## TO DO
Print the listing exactly as it stands, and skip any pictures in it.

## EXERCISE DATA
+-------+

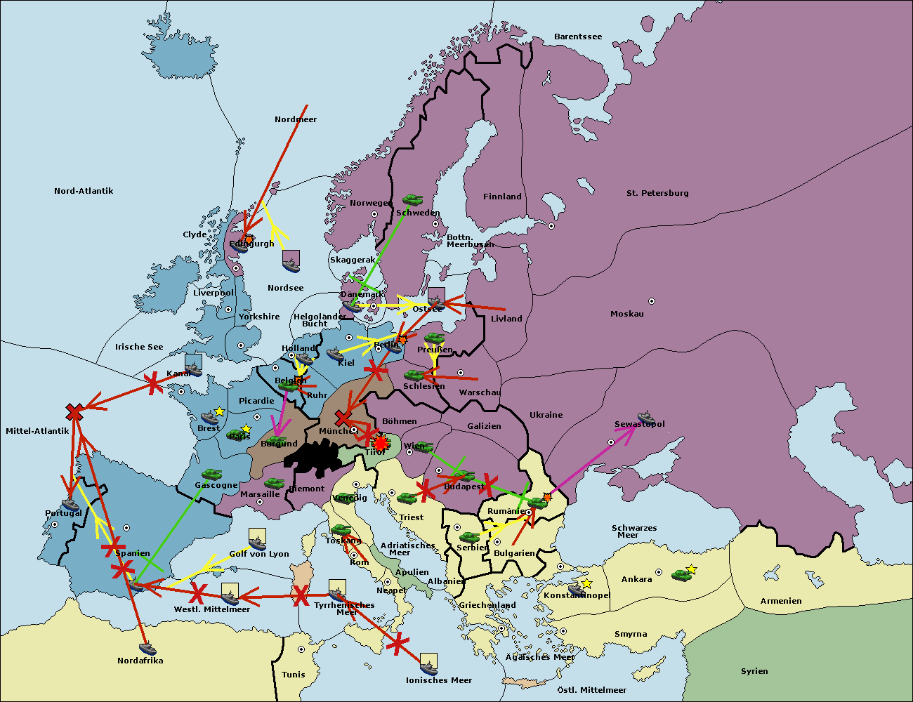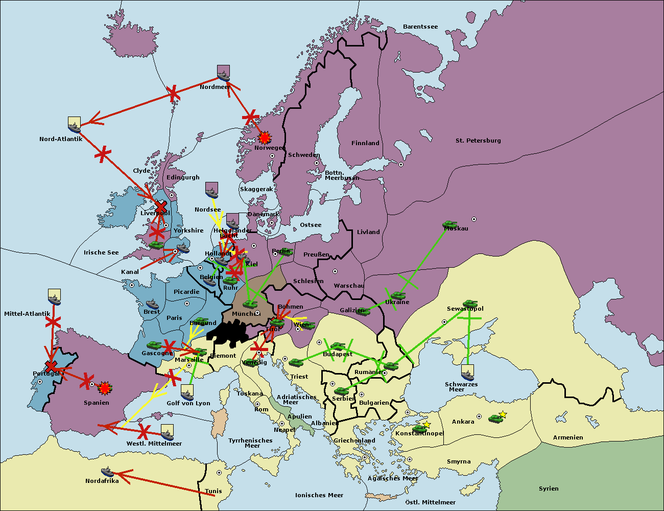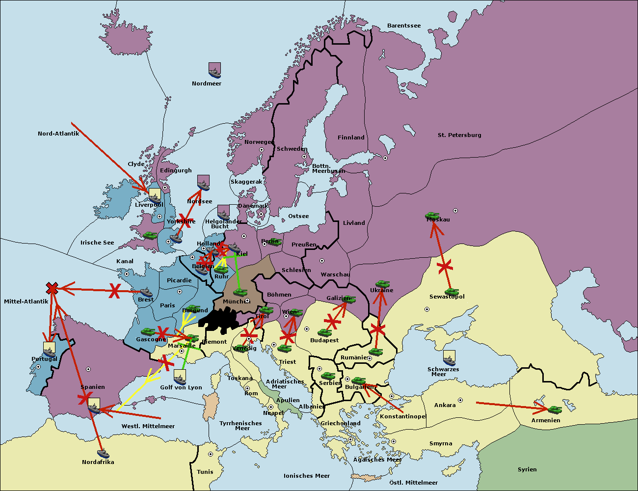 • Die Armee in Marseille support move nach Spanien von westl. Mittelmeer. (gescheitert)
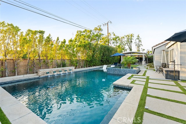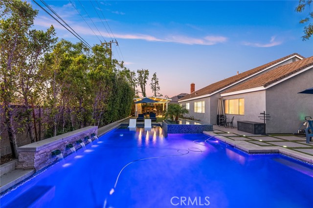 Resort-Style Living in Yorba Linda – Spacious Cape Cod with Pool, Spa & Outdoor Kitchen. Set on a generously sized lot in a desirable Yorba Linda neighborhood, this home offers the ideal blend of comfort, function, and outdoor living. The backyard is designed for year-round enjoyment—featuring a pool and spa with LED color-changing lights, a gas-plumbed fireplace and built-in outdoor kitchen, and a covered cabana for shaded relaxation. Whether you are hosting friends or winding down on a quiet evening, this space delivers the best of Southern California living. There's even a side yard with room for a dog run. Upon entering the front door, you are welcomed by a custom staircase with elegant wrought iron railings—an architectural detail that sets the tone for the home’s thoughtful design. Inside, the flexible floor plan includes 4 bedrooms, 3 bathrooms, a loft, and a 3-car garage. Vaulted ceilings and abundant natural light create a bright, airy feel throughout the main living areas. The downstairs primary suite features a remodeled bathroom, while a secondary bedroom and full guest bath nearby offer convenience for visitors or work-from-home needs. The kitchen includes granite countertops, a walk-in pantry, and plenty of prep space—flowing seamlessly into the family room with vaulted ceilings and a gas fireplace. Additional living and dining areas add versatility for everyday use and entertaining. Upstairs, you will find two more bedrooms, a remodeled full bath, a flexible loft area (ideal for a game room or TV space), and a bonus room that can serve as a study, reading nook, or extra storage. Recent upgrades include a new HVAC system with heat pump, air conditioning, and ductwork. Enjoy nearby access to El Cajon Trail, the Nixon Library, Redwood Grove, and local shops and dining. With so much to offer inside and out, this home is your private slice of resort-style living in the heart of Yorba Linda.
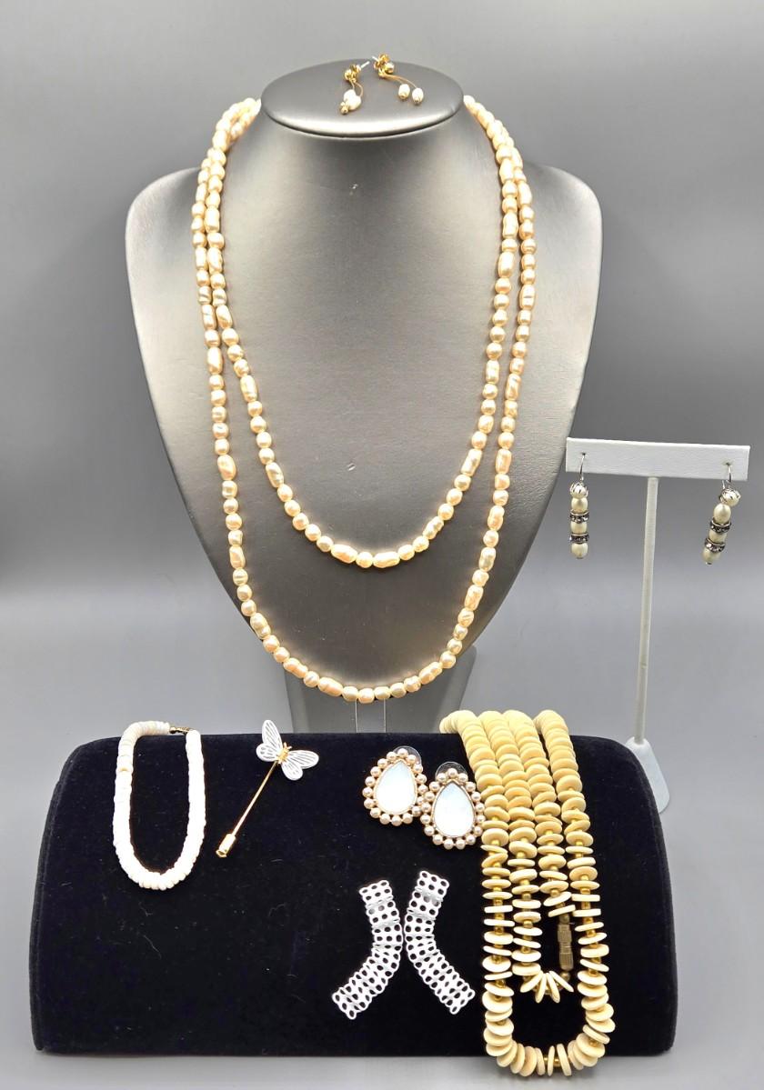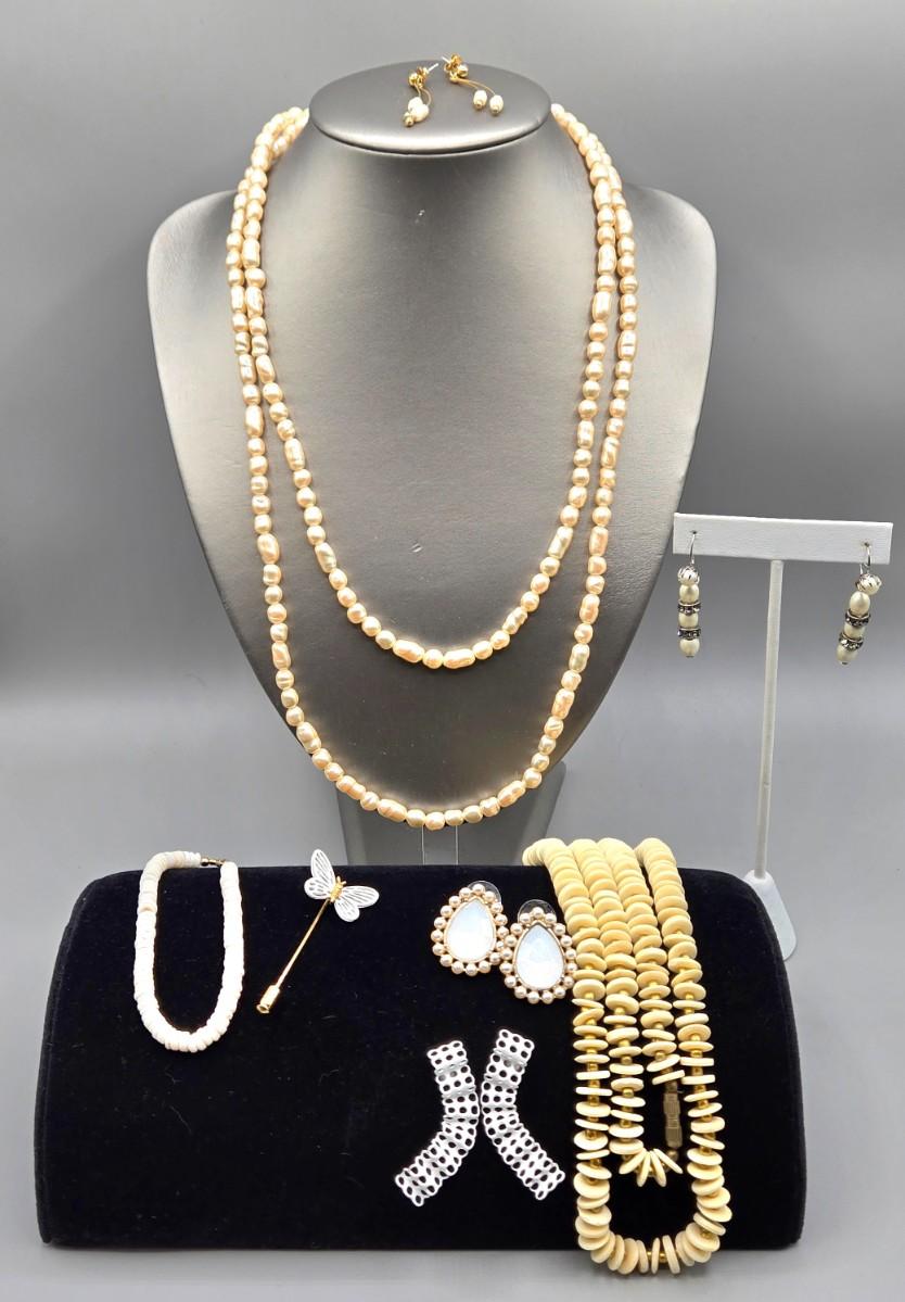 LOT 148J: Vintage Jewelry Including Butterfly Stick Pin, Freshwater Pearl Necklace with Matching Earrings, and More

+-------+

## TASK SOLUTION
 • Die Armee in Marseille support move nach Spanien von westl. Mittelmeer. (gescheitert)
 Resort-Style Living in Yorba Linda – Spacious Cape Cod with Pool, Spa & Outdoor Kitchen. Set on a generously sized lot in a desirable Yorba Linda neighborhood, this home offers the ideal blend of comfort, function, and outdoor living. The backyard is designed for year-round enjoyment—featuring a pool and spa with LED color-changing lights, a gas-plumbed fireplace and built-in outdoor kitchen, and a covered cabana for shaded relaxation. Whether you are hosting friends or winding down on a quiet evening, this space delivers the best of Southern California living. There's even a side yard with room for a dog run. Upon entering the front door, you are welcomed by a custom staircase with elegant wrought iron railings—an architectural detail that sets the tone for the home’s thoughtful design. Inside, the flexible floor plan includes 4 bedrooms, 3 bathrooms, a loft, and a 3-car garage. Vaulted ceilings and abundant natural light create a bright, airy feel throughout the main living areas. The downstairs primary suite features a remodeled bathroom, while a secondary bedroom and full guest bath nearby offer convenience for visitors or work-from-home needs. The kitchen includes granite countertops, a walk-in pantry, and plenty of prep space—flowing seamlessly into the family room with vaulted ceilings and a gas fireplace. Additional living and dining areas add versatility for everyday use and entertaining. Upstairs, you will find two more bedrooms, a remodeled full bath, a flexible loft area (ideal for a game room or TV space), and a bonus room that can serve as a study, reading nook, or extra storage. Recent upgrades include a new HVAC system with heat pump, air conditioning, and ductwork. Enjoy nearby access to El Cajon Trail, the Nixon Library, Redwood Grove, and local shops and dining. With so much to offer inside and out, this home is your private slice of resort-style living in the heart of Yorba Linda.
 LOT 148J: Vintage Jewelry Including Butterfly Stick Pin, Freshwater Pearl Necklace with Matching Earrings, and More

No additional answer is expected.